This is a section of the code that analyzes the LUA coprocessor (collaboration program, Coroutine) from the LUA Reference manual interface (slightly modified):
Copy Code code as follows:
function foo (a)
Print ("foo", a)
Return Coroutine.yield (2*a)
End
CO = coroutine.create (function (a,b)
Print ("Co-body1", A, B)
Local r = foo (a+1)
Print ("Co-body2", R)
Local r, s = Coroutine.yield (A+b, A-b)
Print ("Co-body3", R, s)
return B, "End"
End
Print ("1----")
Print ("Main", Coroutine.resume (Co, 1, 10))
Print ("2----")
Print ("Main", Coroutine.resume (CO, "R"))
Print ("3----")
Print ("Main", Coroutine.resume (Co, "X", "Y"))
Print ("4----")
Print ("Main", Coroutine.resume (Co, "X", "Y"))
The operation effect is as follows:
Copy Code code as follows:
1------
Co-body1 1 10
Foo 2
Main true 4
2------
Co-body2 R
Main true 11-9
3------
Co-body3 x y
Main true Ten End
4------
Main false cannot resume dead coroutine
Here we call 4 times resume, let's see how it works.
First time:
Copy Code code as follows:
Print ("Main", Coroutine.resume (Co, 1, 10))

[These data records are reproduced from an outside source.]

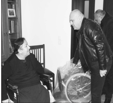
ალიონი. 17 ნოემბერს, ქალაქ ოზურგეთში მცხოვრებმა, შუპ პირებმა სამედიცინო ეტლები მიიღეს. საერთაშორისო ასოციაციის „საქართველოს ქალები მშვიდობისა და სიცოცხლისათვის“ პროექტის ფარგლებში
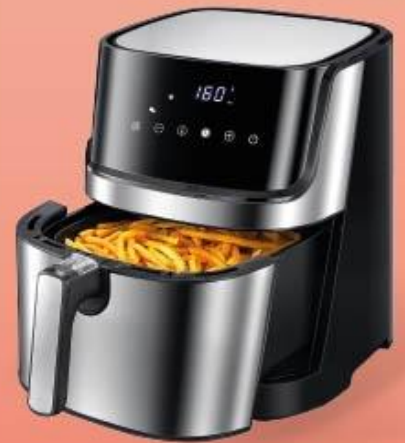
FREIDORA DE AIRE
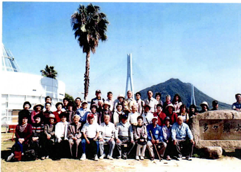
しまなみ街道ウオーキング多々羅大橋

中四字自治振興会では、10月16日(日)朝8時にコミュニティセンターを、バスに乗って44名の皆さんが、しまなみ街道に向けて出発されました。瀬戸内の海が見え始めると大歓声、山育ちの私にとっては、海は生まれる前のふるさと、母のお腹の中と同じ思いがして懐かしく幸せを感じます。 瀬戸田PAにて休憩の後ウオーキング開始、約1時間を掛けて多々羅大橋経由大三島しまなみ公園までの約4キロを歩く中、大橋の上は風が強く声を掛け合って帽子を抑えながら歩きました。
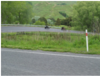
3 - Parco nazionale dei laghi Waterton - Creston - 269 km
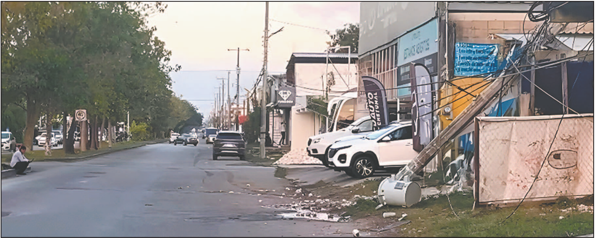
El aparatoso accidente alarmó a vecinos y automovilistas a las 5:00 horas de ayer; los cables de alta tensión quedaron sobre la avenida Erick Paolo. (Williams Duran)
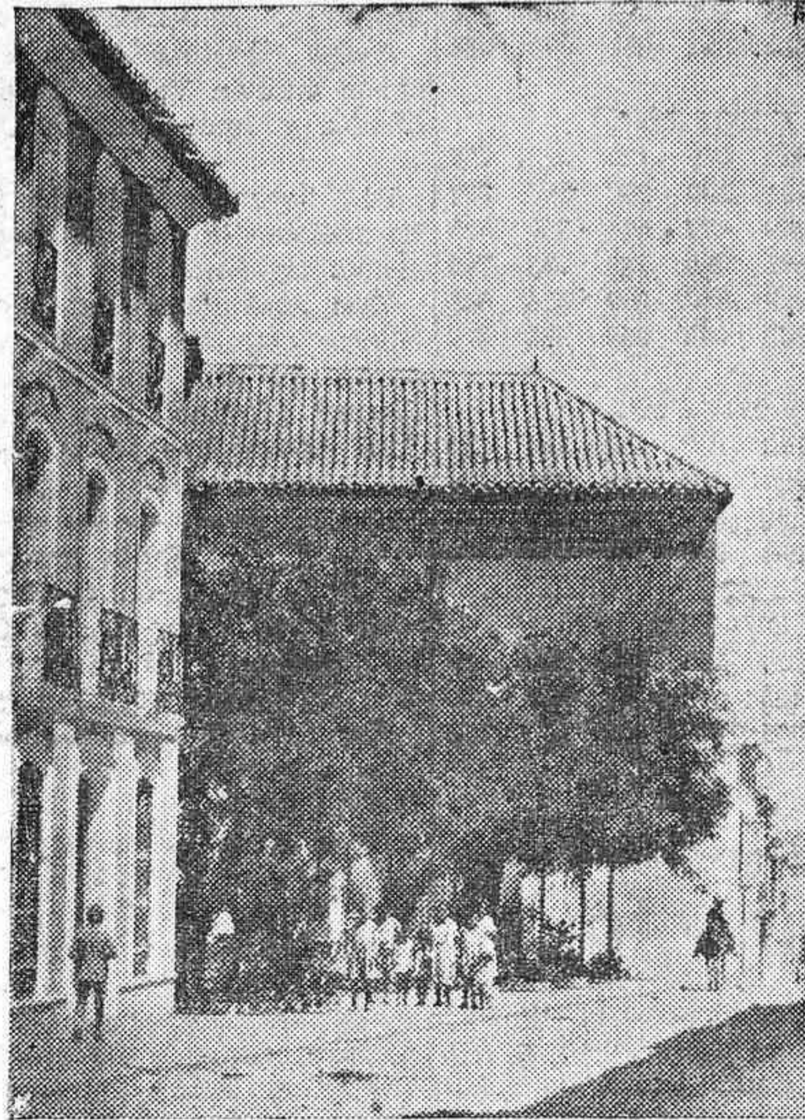
AGUILAR.—PINTORESCO RINCÓN DE LAS CARMELITAS DESCALZAS.

OPORTUNIDAD: ropa hecha para hombre a precios increíbles de baratos, en El Metro y su Sucursal de calle Concepción número 30.

1. Execute print ("Co-body1", A, b), the values of A and B are provided for resume, a=1, b=10;
2. Calculate a+1=2, enter foo (a), at the same time pass the result of the calculation passed through a parameter, execute print ("foo", a);
3. Consider return Coroutine.yield (2*a);
4. Calculate 2*a=4, touch yield, suspend foo (a) call, return 4 to resume. Note that Foo's return has not been implemented;
5.resume execution succeeded, returns True, 4.
Second time:
Copy Code code as follows:
Print ("Main", Coroutine.resume (CO, "R"))
1. Start execution from the last pending foo (a) call, followed by a return call that is not completed;
2. The value returned by foo (a+1) is the string "r" because the yield returns the call parameter of the resume. It's more difficult to understand here.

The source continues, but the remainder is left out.